▶ DATASET RECORDS:

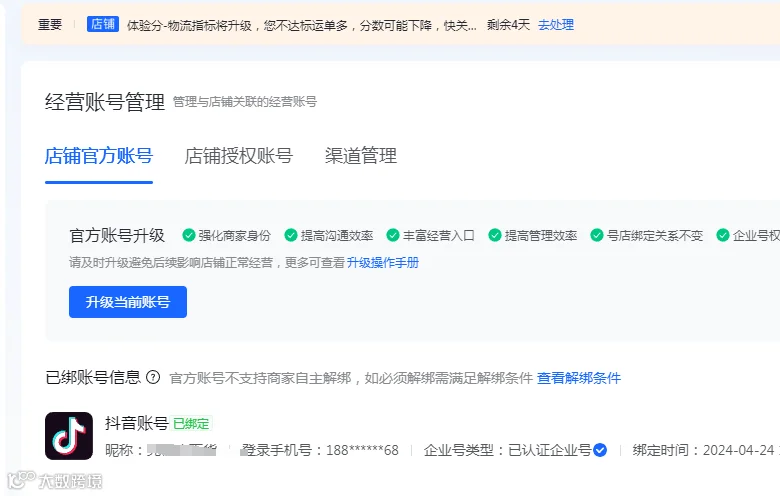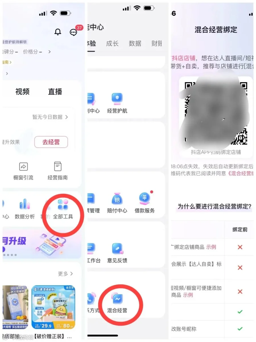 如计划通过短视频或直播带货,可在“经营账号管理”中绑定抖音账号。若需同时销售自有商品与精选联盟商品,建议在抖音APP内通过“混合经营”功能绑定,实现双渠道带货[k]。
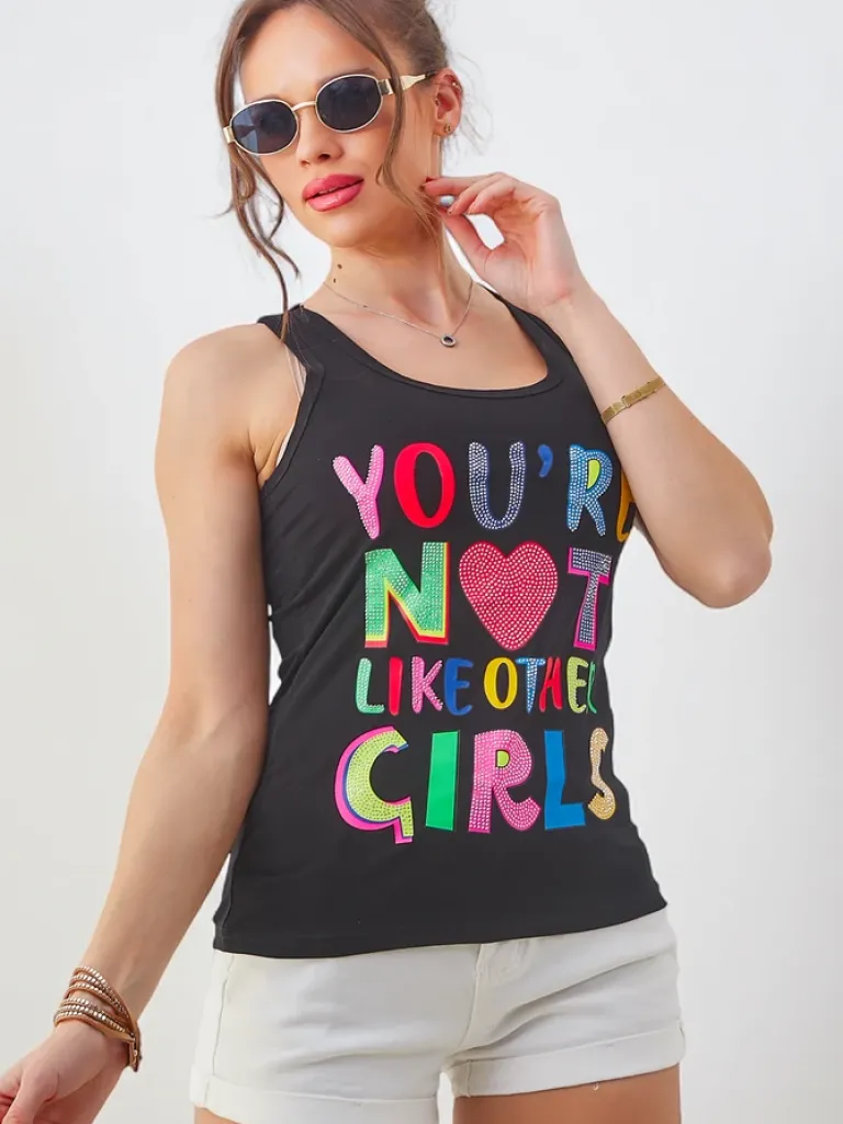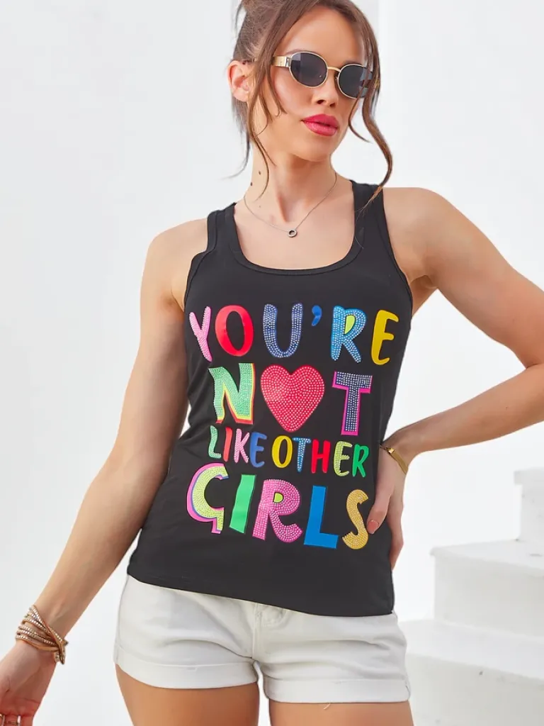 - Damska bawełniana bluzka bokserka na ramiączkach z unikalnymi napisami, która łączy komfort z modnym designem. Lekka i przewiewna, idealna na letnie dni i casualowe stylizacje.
==
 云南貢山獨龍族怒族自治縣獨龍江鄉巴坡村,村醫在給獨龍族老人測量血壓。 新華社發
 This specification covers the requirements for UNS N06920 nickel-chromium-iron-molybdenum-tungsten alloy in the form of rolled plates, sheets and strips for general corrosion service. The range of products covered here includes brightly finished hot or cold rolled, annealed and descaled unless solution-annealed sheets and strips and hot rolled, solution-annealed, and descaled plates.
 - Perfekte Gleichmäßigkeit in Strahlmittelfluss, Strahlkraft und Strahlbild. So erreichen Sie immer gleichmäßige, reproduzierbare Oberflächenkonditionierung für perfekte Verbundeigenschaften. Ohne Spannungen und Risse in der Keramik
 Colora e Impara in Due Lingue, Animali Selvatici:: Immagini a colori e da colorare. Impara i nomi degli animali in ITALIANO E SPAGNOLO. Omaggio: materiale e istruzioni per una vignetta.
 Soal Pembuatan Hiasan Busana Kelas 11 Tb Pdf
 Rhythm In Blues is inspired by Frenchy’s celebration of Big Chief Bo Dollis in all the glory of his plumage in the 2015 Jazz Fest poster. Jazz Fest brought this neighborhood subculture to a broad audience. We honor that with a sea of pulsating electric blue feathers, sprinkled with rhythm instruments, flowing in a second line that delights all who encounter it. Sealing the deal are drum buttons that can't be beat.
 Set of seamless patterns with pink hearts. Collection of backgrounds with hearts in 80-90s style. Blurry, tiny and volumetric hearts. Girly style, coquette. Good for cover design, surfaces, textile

▶ WHAT YOU NEED TO DO: Give back precisely the lines above that start at the line containing "Rhythm In Blues" and end at the line containing "Set of seamless", inclusive. No other lines belong in the output.

▶ PROBLEM SOLUTION:
 Rhythm In Blues is inspired by Frenchy’s celebration of Big Chief Bo Dollis in all the glory of his plumage in the 2015 Jazz Fest poster. Jazz Fest brought this neighborhood subculture to a broad audience. We honor that with a sea of pulsating electric blue feathers, sprinkled with rhythm instruments, flowing in a second line that delights all who encounter it. Sealing the deal are drum buttons that can't be beat.
 Set of seamless patterns with pink hearts. Collection of backgrounds with hearts in 80-90s style. Blurry, tiny and volumetric hearts. Girly style, coquette. Good for cover design, surfaces, textile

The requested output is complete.